Madam Lee said to us, “it is because of Japan’s denial that I have to be a witness coming out day after day. [They owe] a debt of blood and tears.”
I am reluctant to admit that it took all of my energy to simply sit and listen to these two resilient senior citizens. At the first opportunity I escaped to the outside exhibits to find some air. My initial thought was to seek shade beside the 222 sets of footprints, as it had been blistering sunshine that morning. However, at that very moment, the heavens opened up and rain flooded down upon us as if directed by some divine cue. We were being implored to remember.
Mr. Chang told us, “no words can describe the experience that the Japanese soldiers brought to us. It helps to tell my story – I’m too old to join the military for revenge.”
I, for one, am glad that such words do not exist. I don’t think the human race is prepared to deal with language that powerful, that destructive. It is difficult enough to cope honorably with the language that we do have control over.

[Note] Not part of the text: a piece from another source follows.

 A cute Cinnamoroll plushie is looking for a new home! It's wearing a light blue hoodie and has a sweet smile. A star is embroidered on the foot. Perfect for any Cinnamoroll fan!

As a teacher I encourage my students to be the best people that they can be to themselves and to others. In the long run, my wish is to help them acquire the information, skills, and attitudes necessary to identify and combat such atrocities from occurring in the future. My hope for my students is that they can actively contribute to making the world a better place and to lead by example.
It has never been so evident to me why this is important. I still hear the survivors’ stories in my mind; I see their faces struggle with emotion at the unspeakable memories that they have been plagued with for 60 years. I am stunned that their wells of forgiveness run so deeply for the people who wronged them. All 3 survivors stated that they would forgive the Japanese military when the apology comes; none of them blame the general Japanese population for what happened to them.

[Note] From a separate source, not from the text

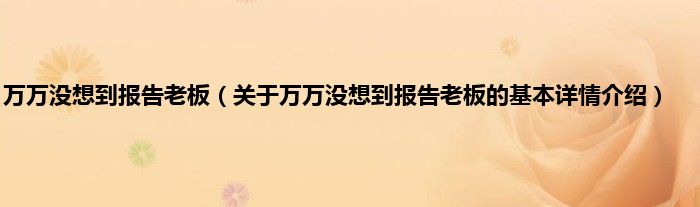 本文关于万万没想到报告老板的基本详情介绍就讲解完毕,希望对大家有所帮助。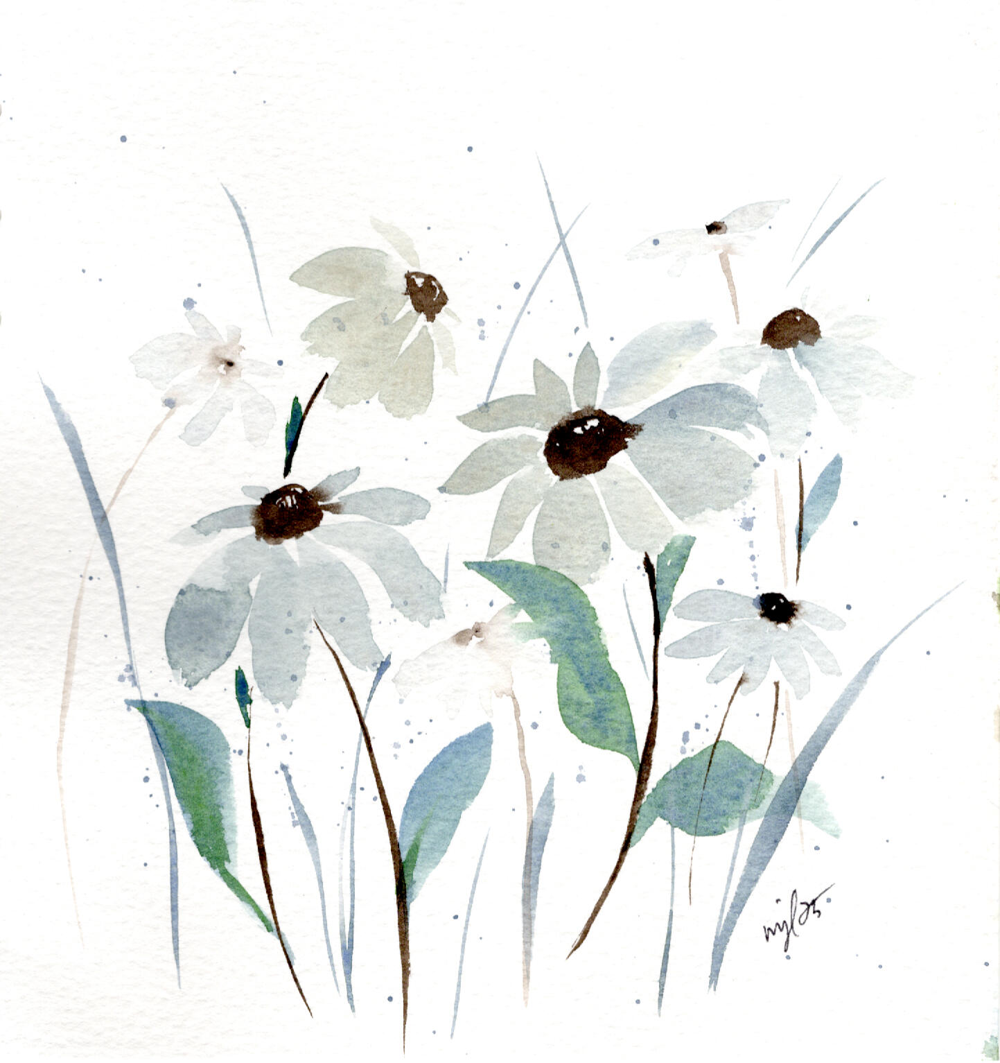 Watercolor 7 x 7.5 "Tonal Conflowers" $52

We cannot have a world that neglects the cries of its people. For my part, I pledge to you that I will tell these stories to my school children. We will discuss peace and justice in the classroom, and in the world. And I will continue to devote my practice to preparing the next generation to stand united for peace and reconciliation. I believe that all 30 teachers from this year’s Study Tour will do the same.
Thank you again for this amazing opportunity.